Мила 2.0
Шрифт:
— Подожди, а как же наши вещи? Айпод?
Она дернула меня за руку:
— Всё там.
Не добежав до конца подъездной дороги, мама развернулась к ряду камней, окаймлявших дорожку и дом. Она присела на корточки и, напрягшись, перевернула третий с краю. Под ним оказалась не земля, как этого можно было ожидать, а яма. А в этой яме стоял небольшой металлический ящик.
Она подхватила его и снова направилась к внедорожнику.
— Чемодан — в машине.
Внезапно пришло понимание. Синий чемодан, который всегда лежал в багажнике внедорожника, —
И теперь он настал.
Мама рывком открыла дверцу и вскочила на место водителя, заталкивая ключ в замок зажигания.
— Двигайся. — Я запрыгнула в машину, после того как она перебралась на пассажирское сиденье. Я закрыла дверцу и надавила на педаль в режиме реверса. Машина задним ходом вылетела на дорогу.
Знакомые очертания ранчо Гринвудов постепенно пропали из зеркала заднего вида, а у меня в голове снова и снова прокручивалась как колеса под нами одна и та же мысль.
Боевая машина.
Голос в записи, мамина невероятная история — всё это было правдой.
Пальцы сдавили руль так сильно, что я почувствовала, как металл под обивкой начал гнуться. Что бы ни случилось, я никому не дам себя изменить. Я не позволю им отнять ту крошечную долю человечности, которая во мне была.
…боевая машина…
Если предположить, что она во мне действительно была.
Только когда мы проехали через жилые улицы и свернули на трассу 94 в восточном направлении, я поняла, что не включила фары. Ни фар, ни фонарей, которые рассеяли бы темноту на проселочных дорогах Клируотера, однако я прекрасно все видела. Я замечала каждый незначительный изгиб дороги, каждый дрогнувший на ветру лист на дереве, даже номерные знаки старых машин и грузовиков, припаркованных в дальних концах длинных въездов. Я видела все это ясно как день.
Покачав головой, я щелкнула выключателем, чтобы нас не остановила полиция. Я и раньше бывала на улице ночью, но видела в темноте так же плохо, как все остальные.
До вчерашнего дня.
У меня засосало под ложечкой, и внутри появилось странное ощущение пустоты. За последние двадцать четыре часа я успела обзавестись не только ночным зрением. Кроме этого, я вычисляла точное расстояние до мишеней на ярмарке и попадала в них без единого промаха. Я вывела из строя четверых вооруженных мужчин, приложив минимальные усилия. И эти «Цель: На земле» и «Цель: Обездвижена». Светящиеся красным доказательства всплывали у меня в памяти.
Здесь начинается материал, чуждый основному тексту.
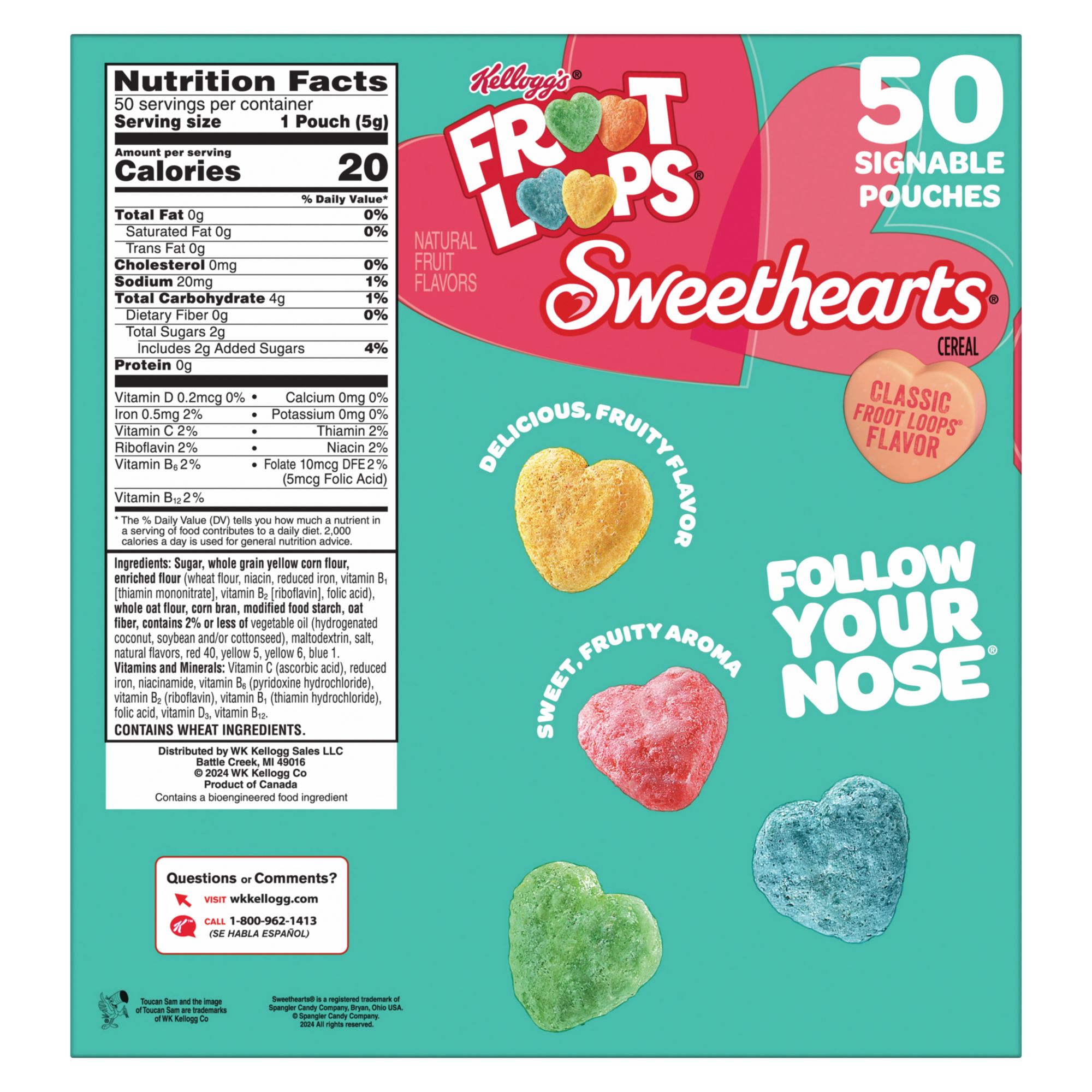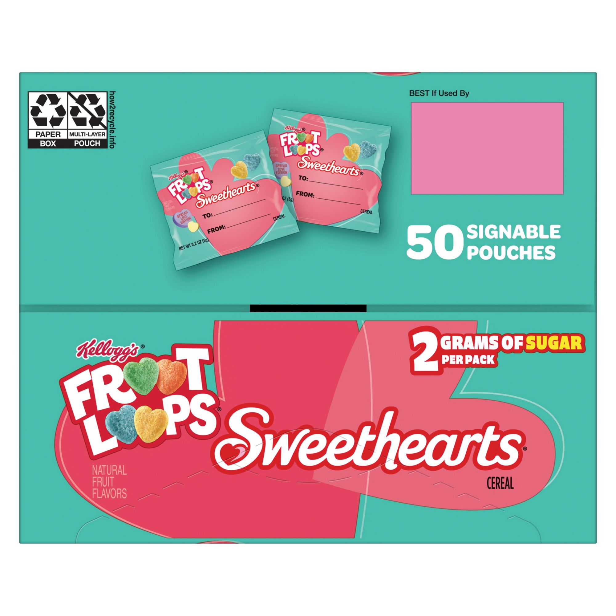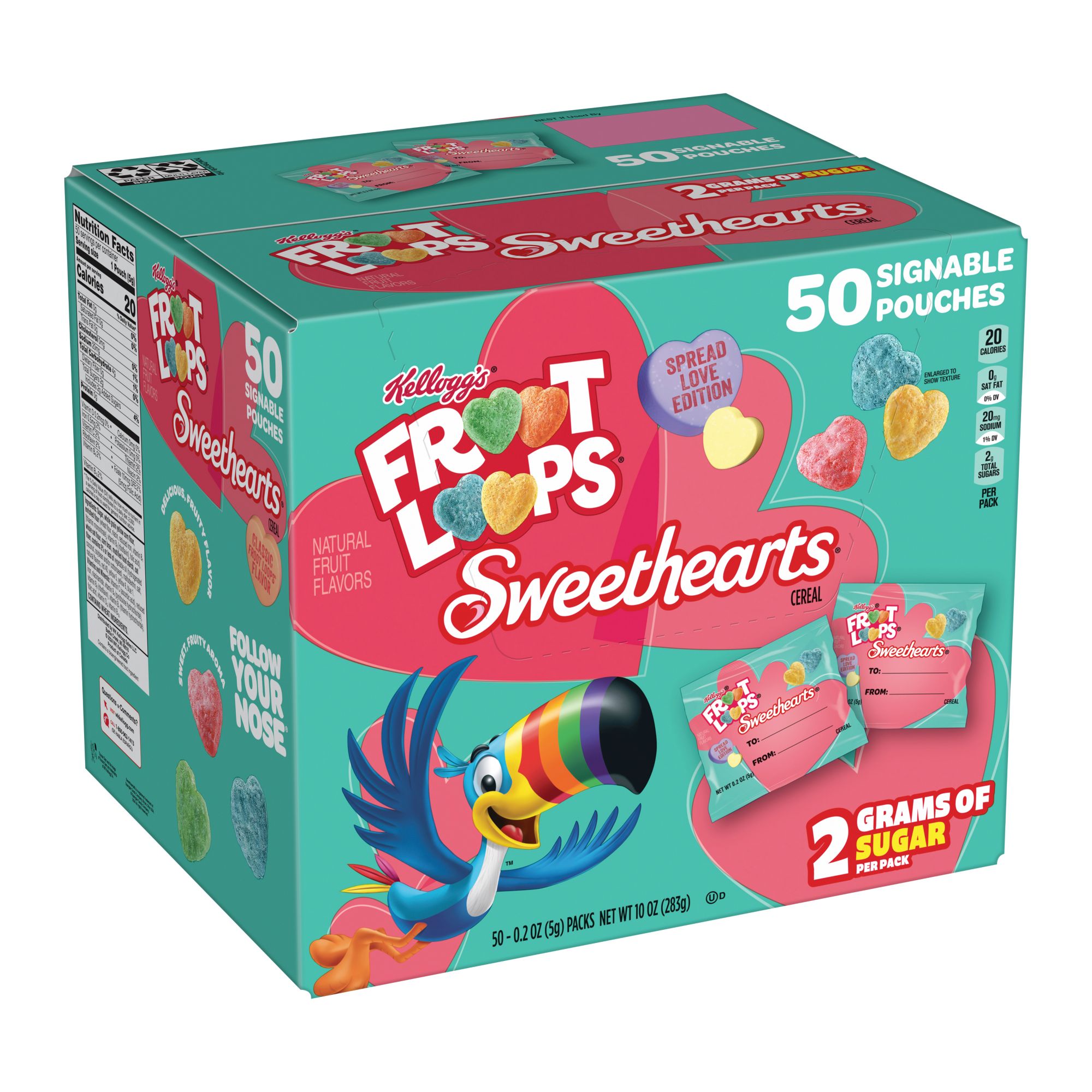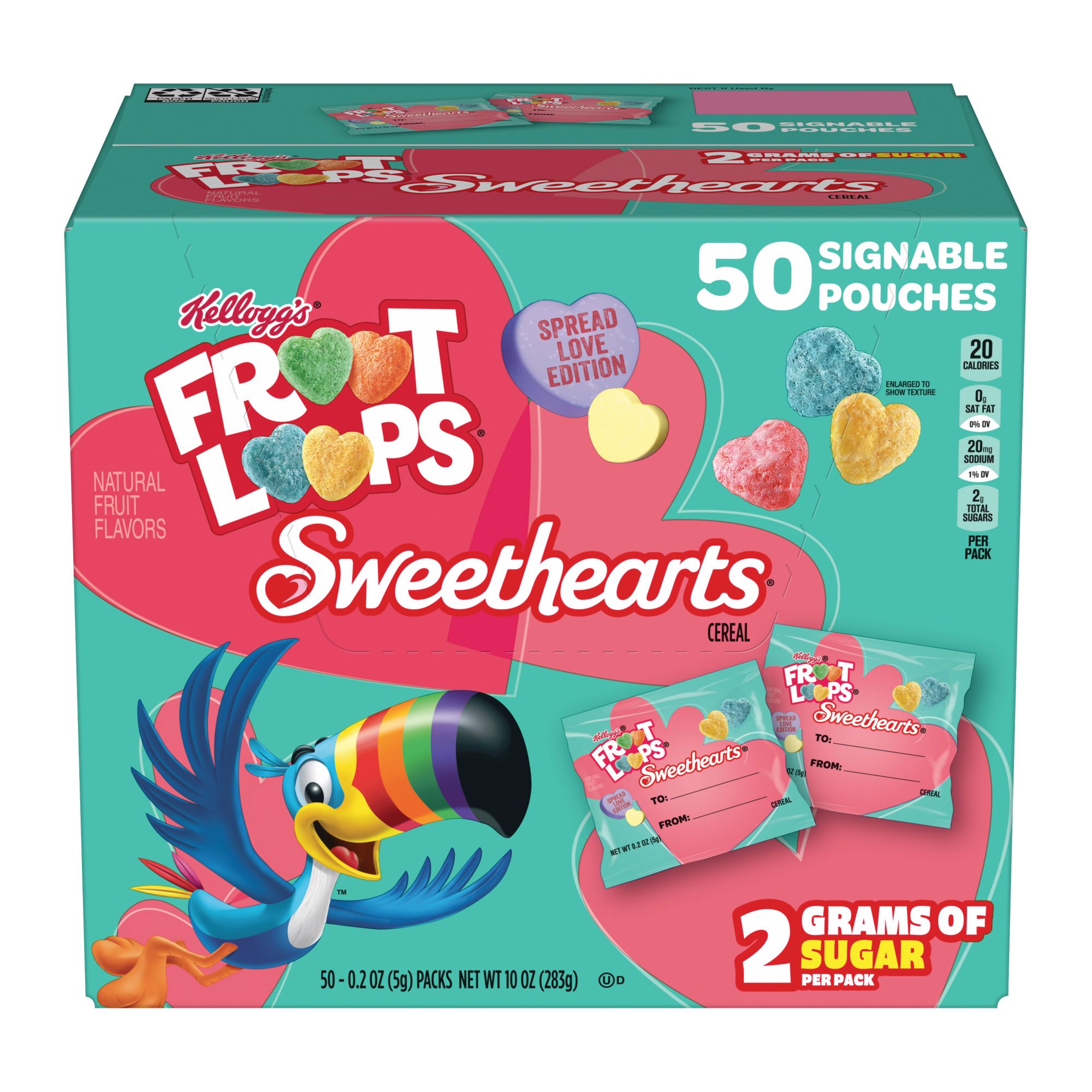 Includes one, 10 oz. box containing 50 pouches of Kellogg's Froot Loops Sweethearts cereal snacks; Packaged for freshness and great taste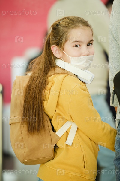 Милая маленькая путешественница с рюкзаком, поворачивающая голову назад, смотря на тебя из очереди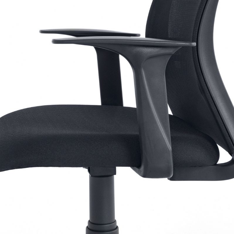 Assento em espuma injetada revestido em tecido a definir, com braços fixos, mecanismo que permite a regulagem de altura da cadeira e o giro no eixo, sua base e rodízios são em nylon.
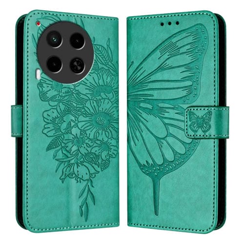 Funda de Cuero para Tecno Camon 30 4G / 5G con Mariposa en Relieve (Verde)
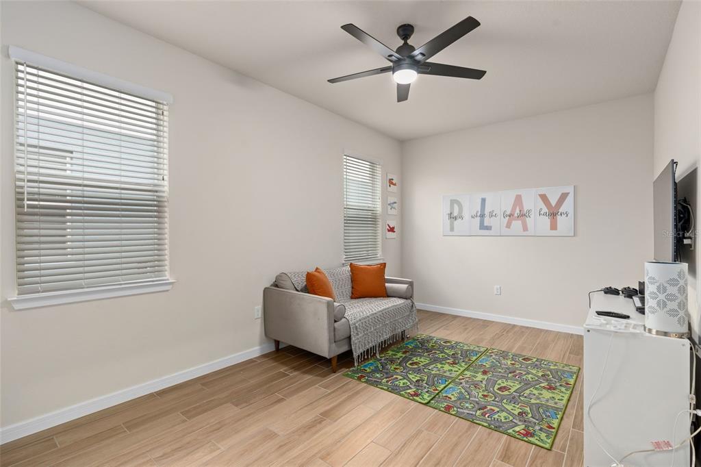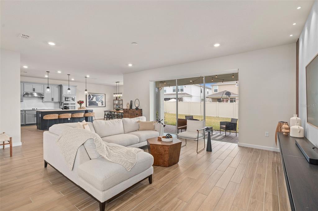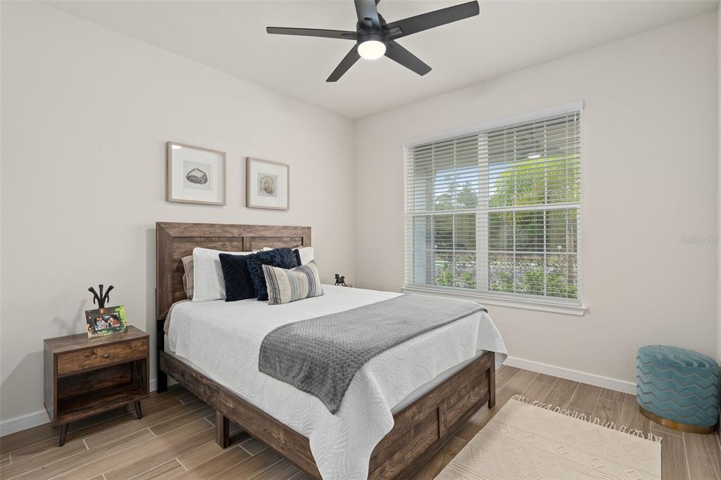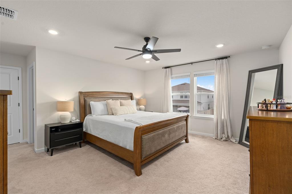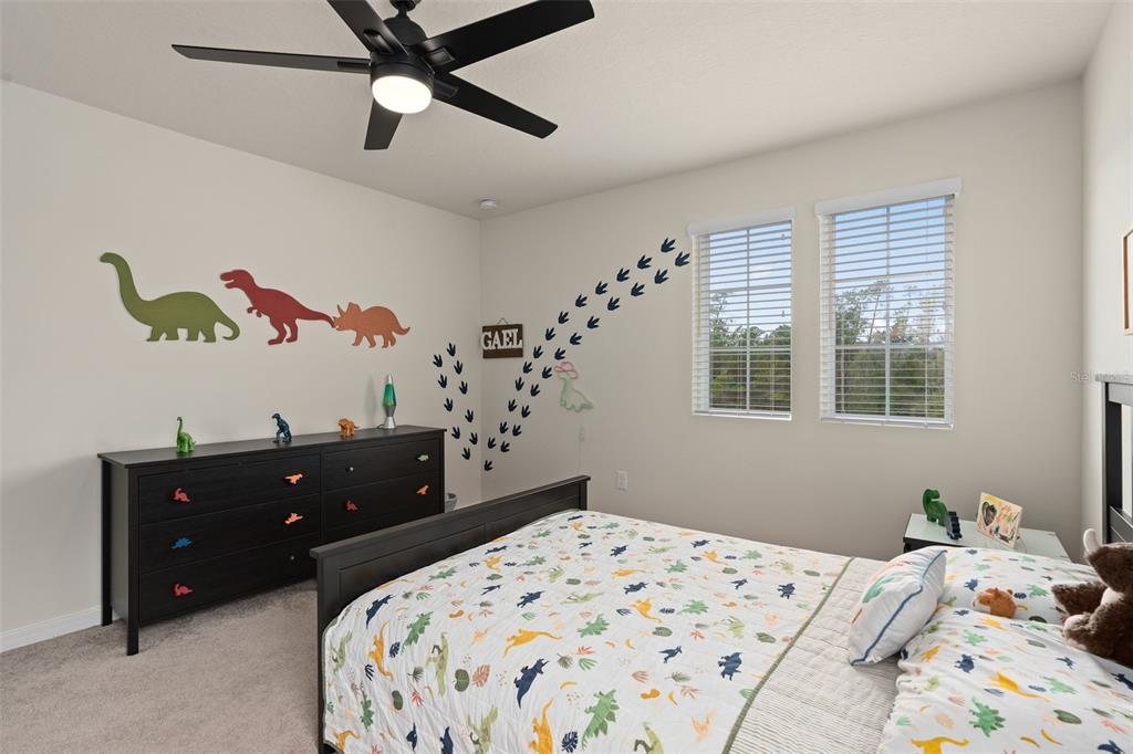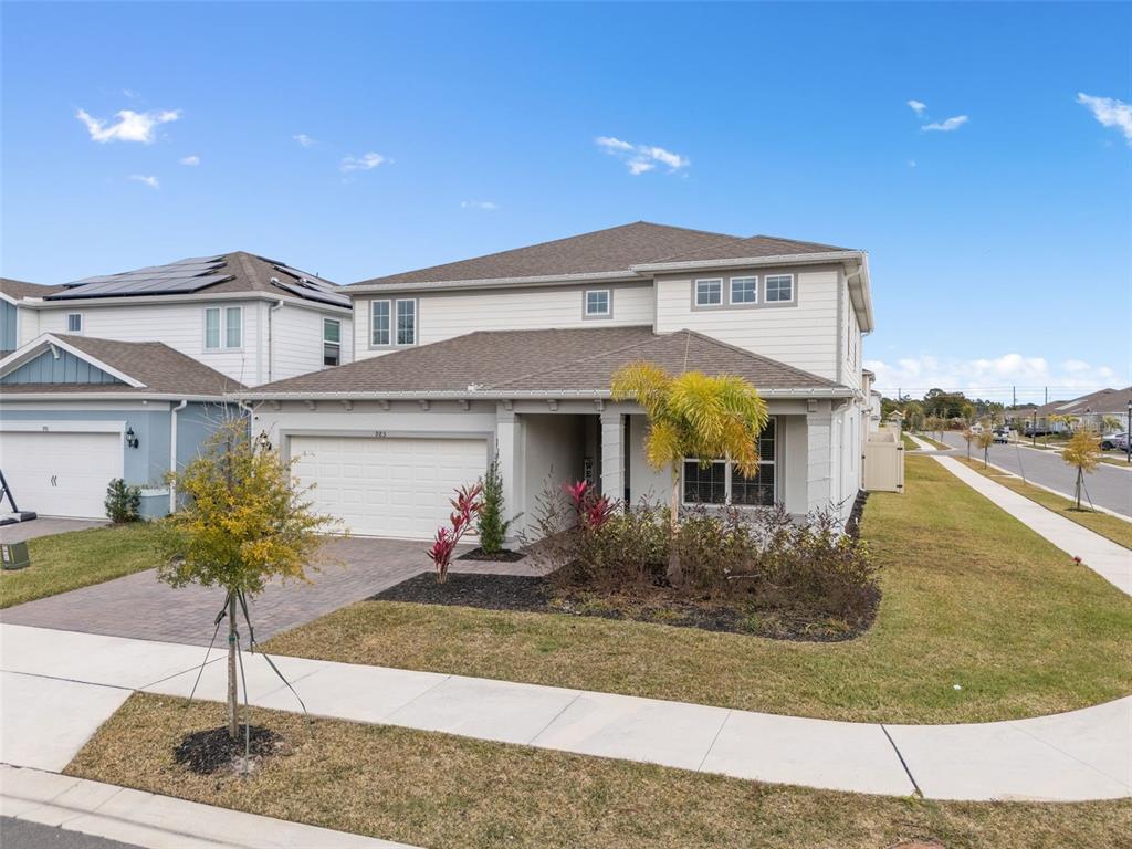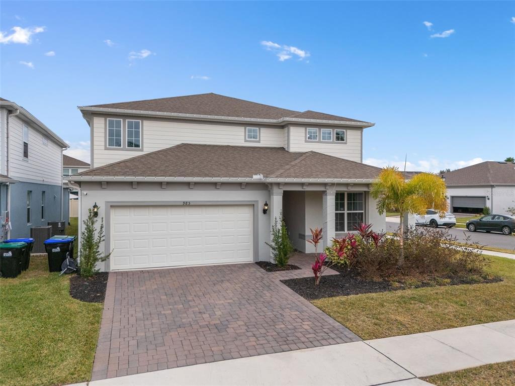 This stunning 5-bedroom, 3.5-bathroom home is nestled on one of the few corner lots in one of orlando's most perfectly designed and highly desired neighborhoods! living in savannah palms will keep you close to everything you need while making you feel like you're in your own peaceful, private community! from the moment you pull up, you'll see the paver driveway leading up to the covered front porch with the beautiful sitting area where you can sip coffee and watch the ducks play in the pond. as you pass through the wonderful front accent door, you will see that the entire first level is covered in upgraded porcelain tile. you'll pass the guest suite with full bath and a spacious walk-in closet. to the left of front door you will find the almost 200 square foot bonus room which could be a stately home office or game room! from there you'll see the double living room area with a beautiful custom accent wall with custom recessed lighting and chandelier installed. you'll also see the triple sliding glass door leading to the back porch with custom lighting installed to illuminate the back yard with the brand new vinyl fence. no expense has been spared in the kitchen - stone counters, custom cabinets with custom hardware, custom chandeliers, and an upgraded faucet! as you proceed upstairs, you'll find the wonderful primary suite with a luxurious bath and extended walk in closet! every upstairs bedroom has brand new ceiling fans installed. the upgraded laundry room comes with added cabinets, sink, and a brand new washer/dryer worth over $2000! all bathrooms have updated hardware, and the home holds almost $6,000 in upgraded window treatments and blinds! the full 2-car garage has also been upgraded with a brand new painted floor. come see all these beautiful upgrades today and make this home yours!985 SAVANNAH PALMS, ORLANDO, FL 32828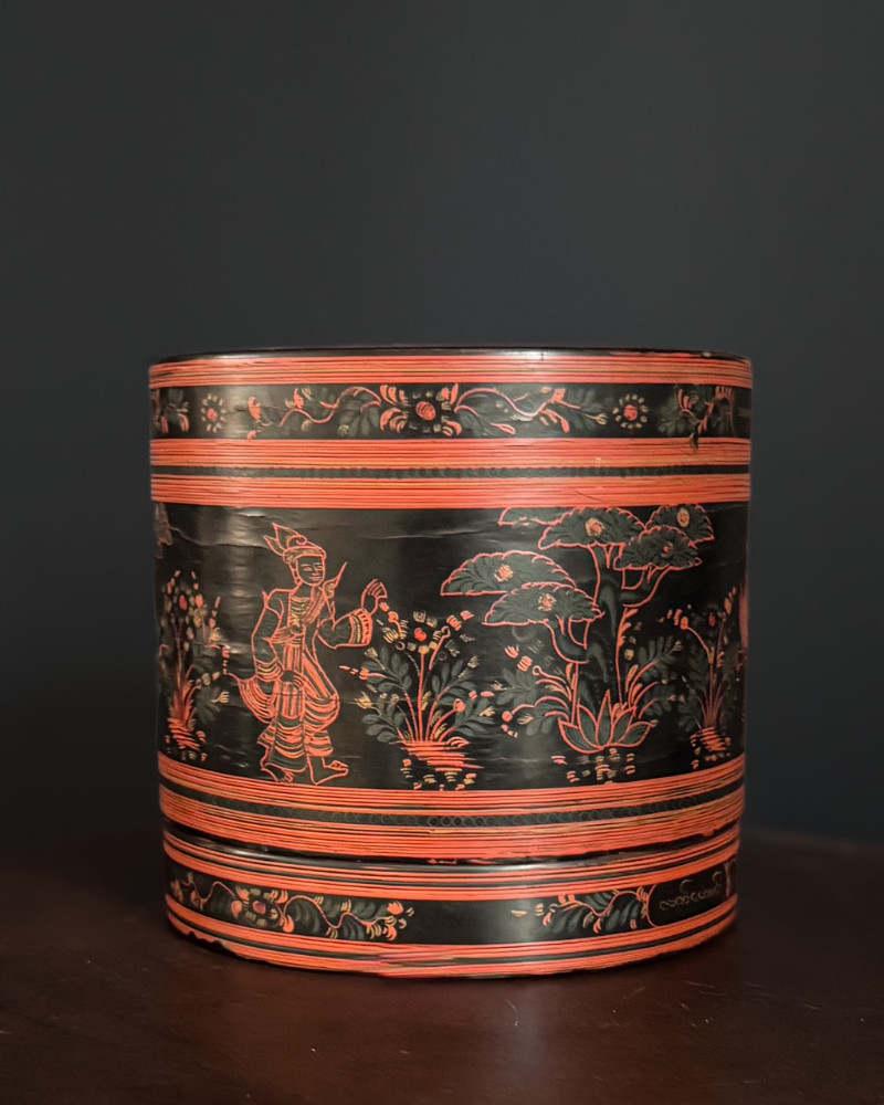 Elegant Burmese lacquer betel box, a refined handcrafted piece from Myanmar. A collector's item, decorative piece, and above all, a unique gift.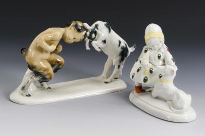 1x gemarkt Katzhütte: Art-déco-Plastik eines vor einem Windhund stehenden Mädchens (H 12 cm). / 1x gemarkt Goebel, bezeichnet "Gustafsson": Plastik eines sich mit einem Ziegenböckchen die Hörner stoßenden Fauns (H 11 cm)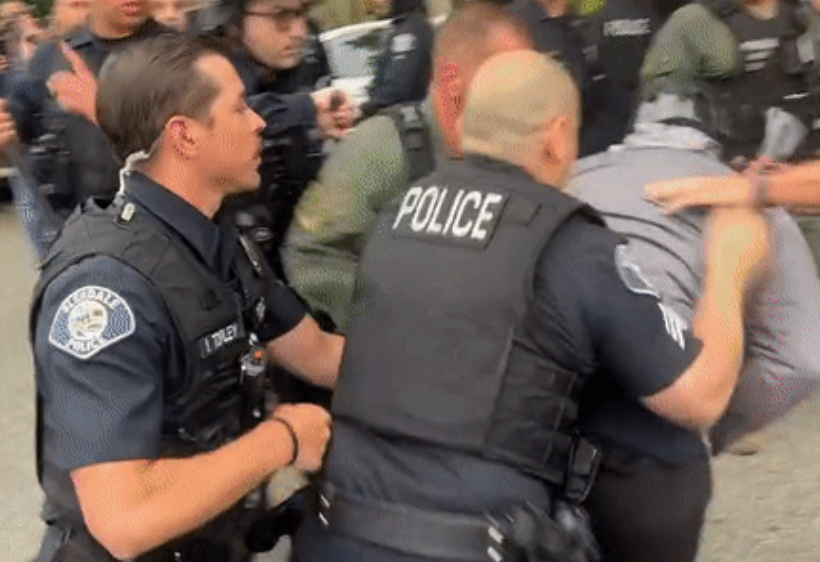 格兰岱警方表示,当天的抗议活动大部分是和平的,但一小部分人有过激行为,其中三人因妨碍执法和非法使用胡椒喷雾等罪名被捕。逮捕后,警方努力缓和现场局势,但以失败告终,并宣布现场为非法集会。在下午6点左右,警方疏散了人群,并召集了更多警员。

Я вела машину, стараясь отогнать эти мысли, стереть зародившуюся пугающую уверенность в том, что произошло. Я всегда отличалась от других, утверждала часть меня — та часть, которой все еще отчаянно хотелось верить женщине, сидящей рядом со мной, невзирая на все,
Но большая часть меня решительно отмела это объяснение. Это всё были мелочи. Мелочи по сравнению с владением техникой боя и оружием. Казалось, как будто…
Мое горло сжалось, когда я позволила пониманию подняться на поверхность.
…как будто кто-то перевел меня в другой режим.
Я вспомнила, как дома, после аварии, мама что-то делала с моей рукой, моей шеей, пока с каждым жестоким словом незнакомца от моей жизни откалывался очередной кусочек.
Что-то делала с моей шеей. Хотя повреждена была только рука.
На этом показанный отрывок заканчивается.